Following the 2017 financial crisis, the European Central Bank took drastic action to ensure that the major banks, as well as systemically important smaller banks in the eurozone, improved their governance. Weak management was perceived to have been the primary cause of the failures of some banks. Many are now asking whether the tightening of bank regulation is going too far and stifling the banks’ ability and willingness to lend.

Early in October 2017, the ECB issued new guidelines for public consultation on how banks should provide for non-performing loans.

The proposed changes in provisioning policy would apply to all unsecured loans declared non-performing after January 2018 and would require lenders to post provisions against the entire unsecured part of the lending within two years. In the case of secured lending, full provisions could be spread over seven years.

The background to this drastic change in provisioning regulation is the stark reality that some banks in the eurozone, especially in Italy, Greece, Spain and Cyprus, are sitting on substantial amounts of non-performing loans.

This fact immediately raises the question whether the ECB is right in treating all banks in the eurozone in the same manner, because of the Single Rule Book principle that in practice justifies the one-size-fits-all regulatory regime.

Former Italian Prime Minister Mateo Renzi recently insisted: “If these rules pass, credit to small businesses will be impossible. We are making the same mistakes as 2013.” While some Italian banks are suffering most from non-performing loans on their balance sheet because of past lax lending practices often tainted with political interference, Renzi’s argument is valid.

Banks will have to tighten their lending policies further as these new regulations will have an impact on their capital requirements. Some banks may decide to cherry pick in the loans market by making credit available only to the least risky business.

Investors must be warned in unequivocal terms that particular bond issues are not suitable for those with a low tolerance for risk

This practice will not be good for the economic recovery that the EU is hoping for especially as such improvement must mainly come from small enterprises.

The Italian business newspaper Il Sole 24 Ore reported that the president of the European Parliament Antonio Tajani has sought legal advice to determine whether the ECB was acting beyond its powers when issuing such guidelines. The initial legal opinion received by Tajani was that the ECB does not have such broad powers to impose binding obligations on all banks. Daniele Nouy, the president of the banking Supervisory Board of the ECB, is aware of this expert advice.

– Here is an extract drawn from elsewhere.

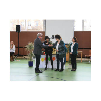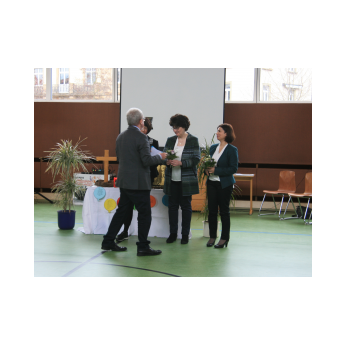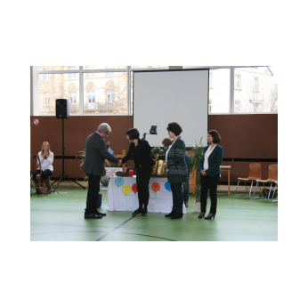 Nach dem wohlverdienten Applaus bedankten sich Rektor Leo Redolfi und Frau Freunek, die dieses tolle Event für unsere Schule organisiert hatte, mit einem kleinen Präsent bei jedem der vier Münchner Musiker und Hannah Birkner, der Verantwortlichen für die Organisation des BRSO Education Projekts.

While Mr Tajani has been careful to insist that his request for legal advice was based on the importance of following proper procedures rather than to challenge the substance of the proposed ECB guideline, a clash between the ECB and the European Parliament is looking more likely. The ECB president Mario Draghi has tried to calm the waters by stating that he was open to more discussions on this subject even if he insisted that the reduction of non-performing loans ‘is the most important issue’.

Ultimately most political and banking leaders will hope that the proposed regulations will be watered down to keep the financial plumbing in the Eurozone functioning efficiently. If credit to SMEs is blocked, another economic downturn becomes more likely. Neither the ECB nor the European Commission would want this perverse result from stricter regulation.

In the case of Malta, the regulators have to be careful that stricter ECB inspired regulation on lending will not encourage more disintermediation as an increasing number of businesses resort to the bond market to refinance their bank debts or even seek new finance.

The local bond market has tens of thousands of small investors who may not be fully aware of the risks of buying certain domestic ungraded bonds that offer attractive returns but are not considered safe for investors with a low tolerance of risk.

Local regulators, as well as the Malta Stock Exchange, have a duty to smaller investors to ensure that the flight to the bond market by businesses that were formerly financed by banks is not motivated by perceived lighter regulation that seems to prevail in the bond market. This duty is not fulfilled merely by making sure that the risks inherent in specific bond issues are spelt out clearly in the legal documentation. Investors must be warned in unequivocal terms that particular bond issues are not suitable for those with a low tolerance for risk.

Now may be the right time to introduce a credit rating system for all quoted bonds.